In the last section, we figured out how to interact with the Twitter API. Now we need to pull more data. 1000 tweets, or 10 requests, should be enough to play with.

There are a couple pieces that go into acquiring clean data :

1. We need to figure out a way to make multiple requests, but without pulling duplicate tweets.

2. We need to parse the request output into a form and then put it into an form that can be analyzed - i.e. a pandas dataframe.

Tackling 1:

From https://dev.twitter.com/rest/public/timelines:

"To use max_id correctly, an application’s first request to a timeline endpoint should only specify a count. When processing this and subsequent responses, keep track of the lowest ID received. This ID should be passed as the value of the max_id parameter for the next request, which will only return Tweets with IDs lower than or equal to the value of the max_id parameter.
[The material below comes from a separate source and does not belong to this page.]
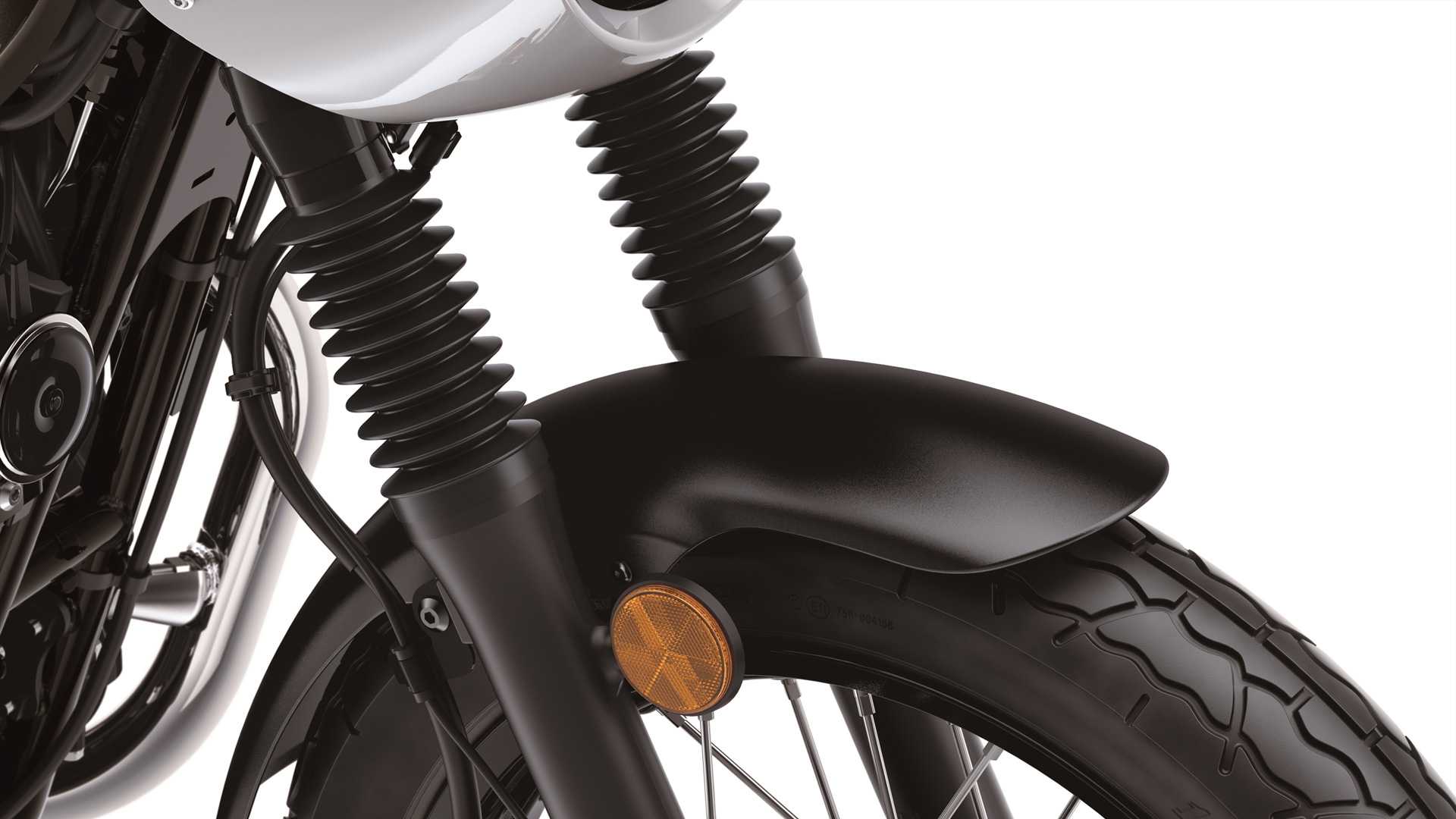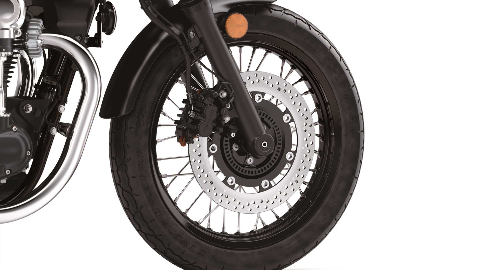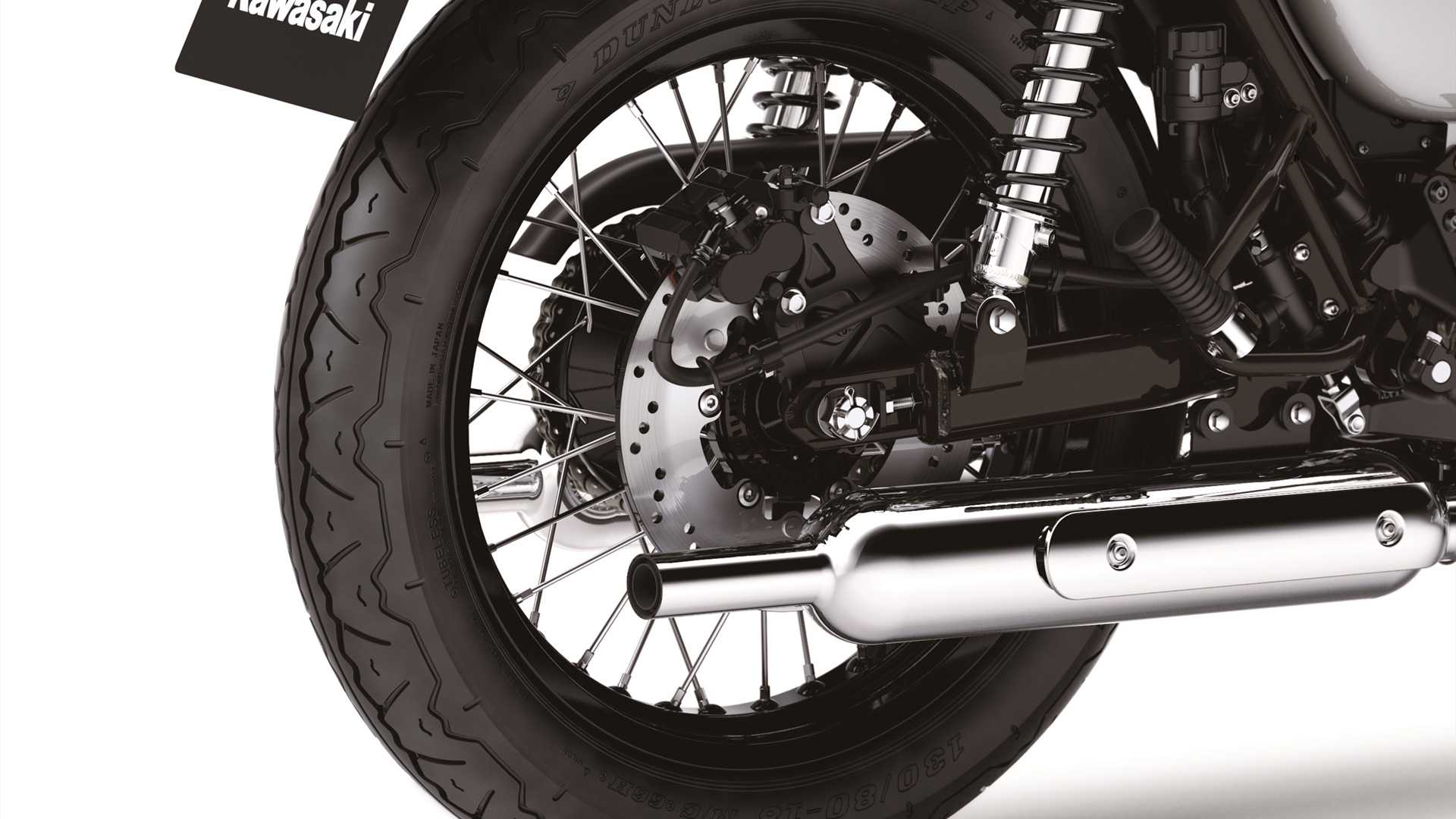 2019 KAWASAKI W800在制動系統部分也做出了現代化的更新,在前後輪都採用單碟煞的設計,不同於過去前碟後鼓的煞車配置,而且這次的煞車制動也配上了ABS防鎖死煞車系統,讓安全性能更往上提升。

Note that the max_id parameter is inclusive."

In [10]:
import twitter
import pandas as pd
from twitter_helpers.authentication import authenticate_twitter

In [27]:
def scrape_tweets(SEARCHTERM, n):
    """
    Input: a search term and a number of tweets to grab
    Output: a pandas dataframe of the tweet text and other parameters
    """
    twitter_api = authenticate_twitter()
    data_types = ['id', 'text', 'retweet_count']
    
    tweets_dict = {}
    tweets_dict['id'] = []
    tweets_dict['text'] = []
    tweets_dict['retweet_count'] = []
    max_id = 999999999999999999999999  # choose an arbitrarily big number as the initial max_id
        
    for i in range(n // 100):
        print('Getting tweets', i*100, 'to', (i+1)*100)
        search = twitter_api.search.tweets(q=SEARCHTERM, 
                                           count=100, 
                                           max_id=max_id)
        results = list(search.values())

        for data in data_types:
            for i in range(100):
                tweets_dict[data].append(results[0][i][data])
        
        max_id = min(tweets_dict['id']) - 1

    # convert to a pandas dataframe and return
    return pd.DataFrame(tweets_dict)

In [28]:
tweets = scrape_tweets(SEARCHTERM="Super Bowl", n=1000)
tweets.head()

Getting tweets 0 to 100
Getting tweets 100 to 200
Getting tweets 200 to 300
Getting tweets 300 to 400
Getting tweets 400 to 500
Getting tweets 500 to 600
Getting tweets 600 to 700
Getting tweets 700 to 800
Getting tweets 800 to 900
Getting tweets 900 to 1000


Unnamed: 0,id,retweet_count,text
0,838630593973862400,0,#porn clip during the super bowl adult mom mov...
1,838630564022349824,10,RT @slayjoannex: New pictures of Lady Gaga reh...
2,838630550831149059,14,RT @ladygaga_JWT: Can you believe it's already...
3,838630541821886464,0,"@Yo_reez no doubt, I remember his transformati..."
4,838630376553664512,1,RT @MarquezRene2: Pot so big call it Super Bowl


In [29]:
tweets.head(3)

Unnamed: 0,id,retweet_count,text
0,838630593973862400,0,#porn clip during the super bowl adult mom mov...
1,838630564022349824,10,RT @slayjoannex: New pictures of Lady Gaga reh...
2,838630550831149059,14,RT @ladygaga_JWT: Can you believe it's already...


Now that we have our data, we need to validate that it was scraped correctly.

In [31]:
tweets['id'].value_counts().value_counts()

1    1000
Name: id, dtype: int64

Awesome. We can see that we have 1000 unique tweets.